The most beautiful and pleasant bushwhack in the Wild River Wilderness

Posted on Categories New England Hiking

This summer has been all about 2 day loops for my friend Kyle and I. Kyle had the idea to head up to the Wild River Wilderness where he spent several years working as a cook at AMC’s Cold River Camp. It’s an area he calls the “Hidden Gem of the White Mountains”. I had never been so I was more than eager to check out a new area of the White Mountains.


North and South Baldface were obvious choices to hit for my New Hampshire 100 Highest list and Eagle Crag for my 52 With a View list. But for Kyle, the biggest attraction – pun intended – was the rarely visited little West Baldface, on the New Hampshire 200 Highest.

View map of West Baldface

We started up South Baldface via the Baldface Circle Trail. The ascent was beautiful and slightly technical, with nice open face rock slabs to scramble up.


Once on the top of South Baldface, it was a short hop over to North Baldface. The views were clear and spectacular. Our only concern was our low supply of water. With such a dry summer, one of our planned water sources had dried up. With this in mind, we decided to save our hike up West Baldface for day 2 and instead head to our camp destination where we could safely hydrate along the way.


Taking the overgrown Wild River Trail to the isolated Perkins Notch Tentsite, we had our fingers crossed we would hit some water sources sooner rather than later. The Wild River did not disappoint. We came across a couple of still running tributaries with enough water to quench our thirst. It was only a few miles before we arrived at the campsite, but we were happy regardless.


The camp was quiet with only a few other hikers. We felt like one of the cool kids, because everyone there was sporting a Dyneema/Cuben Fiber tent and we fit right in with our ZPacks and Tarptents.


Waking up early the following day, we made a quick stop to check out the nearby North Ketchum Pond. No moose sightings, unfortunately they must’ve risen even earlier than us.


After a short backtrack along the Wild River Trail we cut into the woods and began the bushwhack towards our main goal of the trip- West Baldface. The forest was surprisingly open, most likely from past logging in the area, with plenty of small herd paths leading deeper into the wilderness.

It was clear by the droppings and tracks that we were following moose and bear paths.


With lookout spots every so often, we were thrilled to be there.


The peak was so open and spectacular that we decided to kick off the trail runners and relax with a warm cup of coffee.


After a luxurious break we begrudgingly descended the mountain, wishing we could spend the rest of the day relaxing at the peak.


The hike down was as enjoyable as the peak, with open birch forest and wildlife everywhere.
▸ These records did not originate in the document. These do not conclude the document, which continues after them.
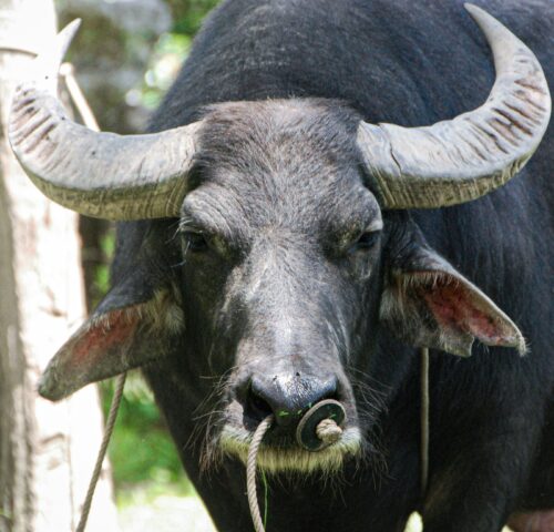 Water buffalo are large bovines known for their distinctive curved horns and love of water. First domesticated more than 5,000 years ago in Southeast Asia, they’ve been used by farmers for tasks like ploughing fields and pulling carts ever since. There are two main types of water buffalo: river buffalo, which are larger and mainly raised for their milk (famous for products like mozzarella cheese), and swamp buffalo, which are smaller, sturdier animals used for heavy labour, especially in rice fields.
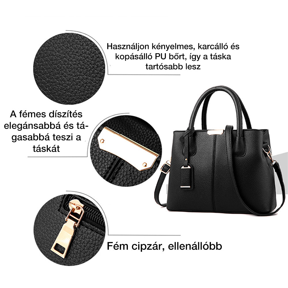 - Levehető vállpánttal, így kézitáskaként vagy futártáskaként is hordható.
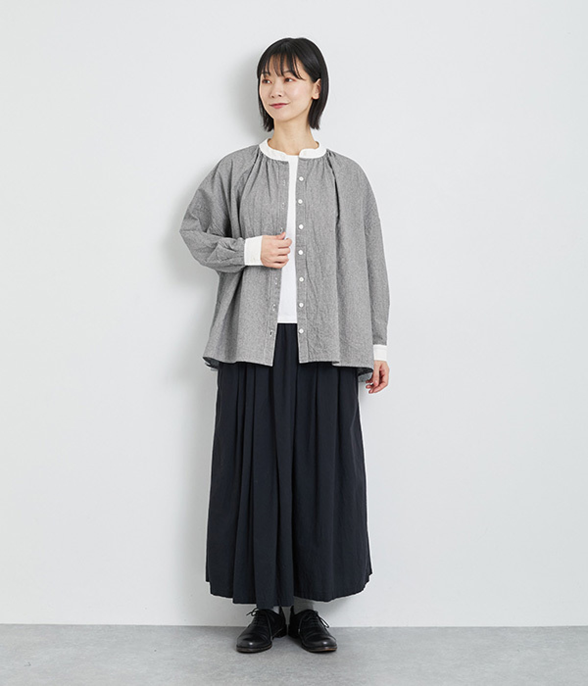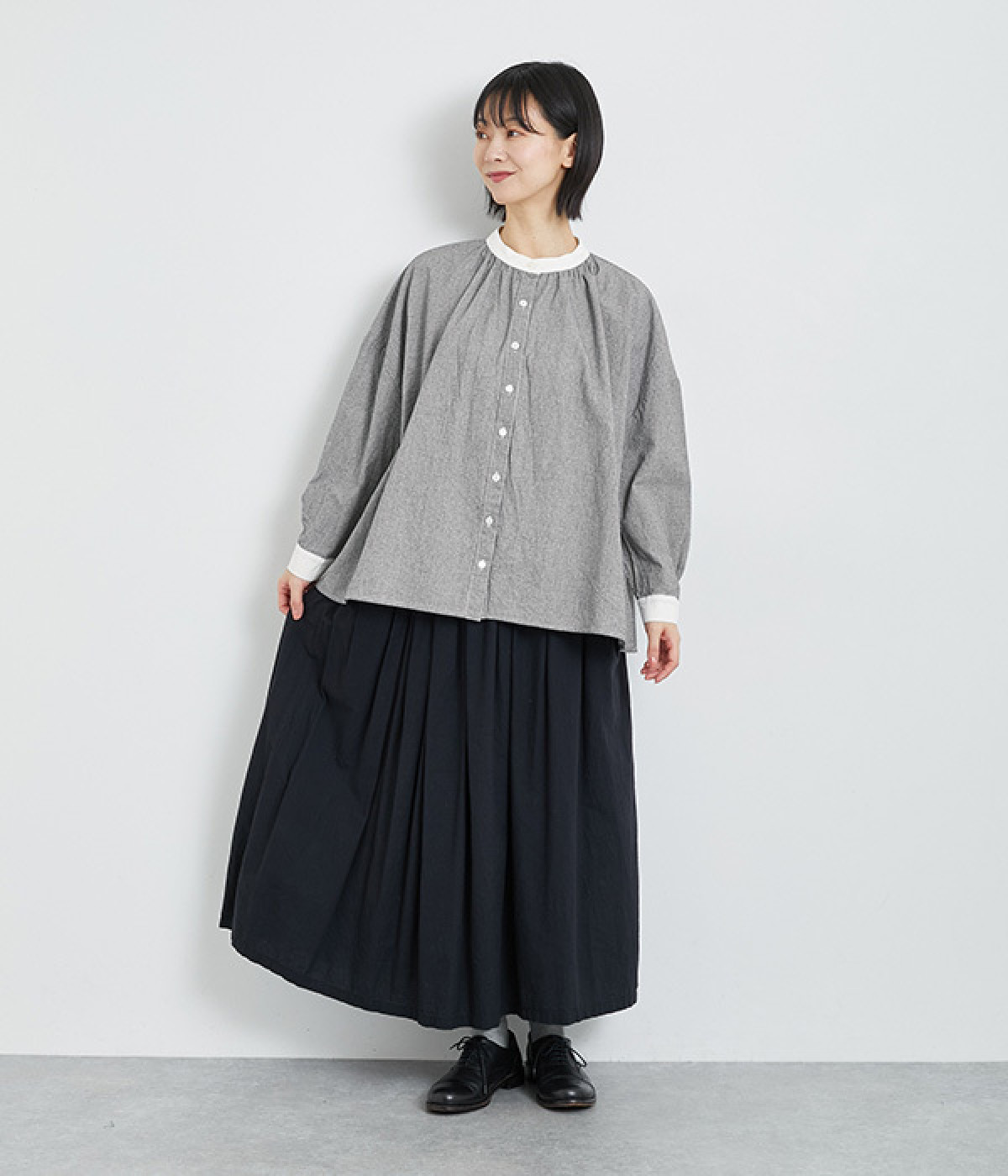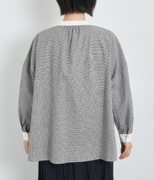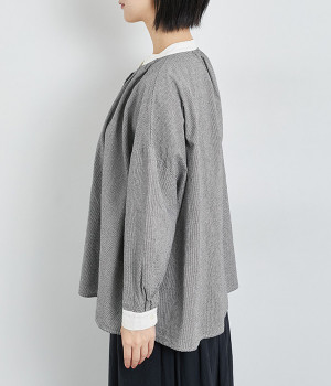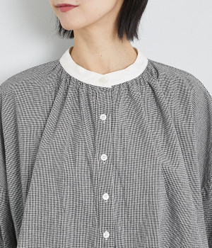 袖のタックや、ネックラインのギャザーでゆとりを持たせたリラクシーなブラウス。無地で切り替えたバンドカラーや袖口のクレリックデザインがアクセントになっています。オンオフで取り入れられる、ベーシックかつカジュアルな一枚です。
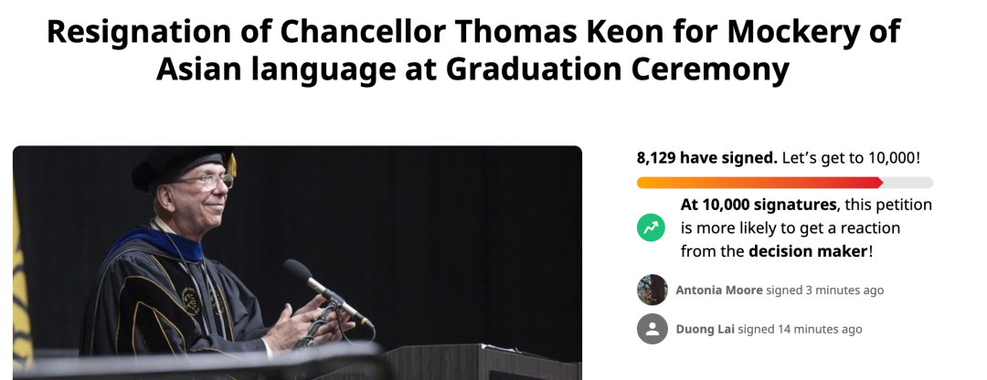 各方反应不一:校董会选择原谅、教职工和学生呼吁他下台校董事会迅速了接受了他的致歉信。但是,他对亚洲人的嘲讽行径迅速在教职员工和公众中发酵。一个自称为普渡西北分校的学生在change.org上发起了签名,要求科恩辞职。到今天为止,大概收到到了8000份左右的签名(Concerned PNW Student, ND)。来源:https://www.change.org/p/resignation-of-chancellor-thomas-keon-for-mockery-of-asian-language-at-graduation-ceremony

The valley was filled with large round imprints, some definitely from sleeping bears and maybe more from moose. We came across at least 15-20 of these spots mixed in between thigh high ferns.


A little nervous we might actually stumble onto a napping black bear, we heard a rustle in a patch of nearby brush. Suddenly 3 grouse loudly took off in a hurry. Laughing off the startle, we were able to watch at least 6 more fly off from what was most likely a nesting area.

Source: A ruffed grouse. Wikipedia, CC BY-SA 3.0

Shortly after we came across a hawk drinking from a stream. It quickly took off to higher ground.


The rest of the hike was relatively quiet. Making our way back up to the Baldface ridgeline, we stopped off at Eagle Crag for my 52 With a View list. We then took the Bicknell Ridge Trail back down to the car, saying our goodbyes to the last views of the Baldfaces as we descended back below the tree line.


My only hesitation to recommend this area is so I can leave it for myself!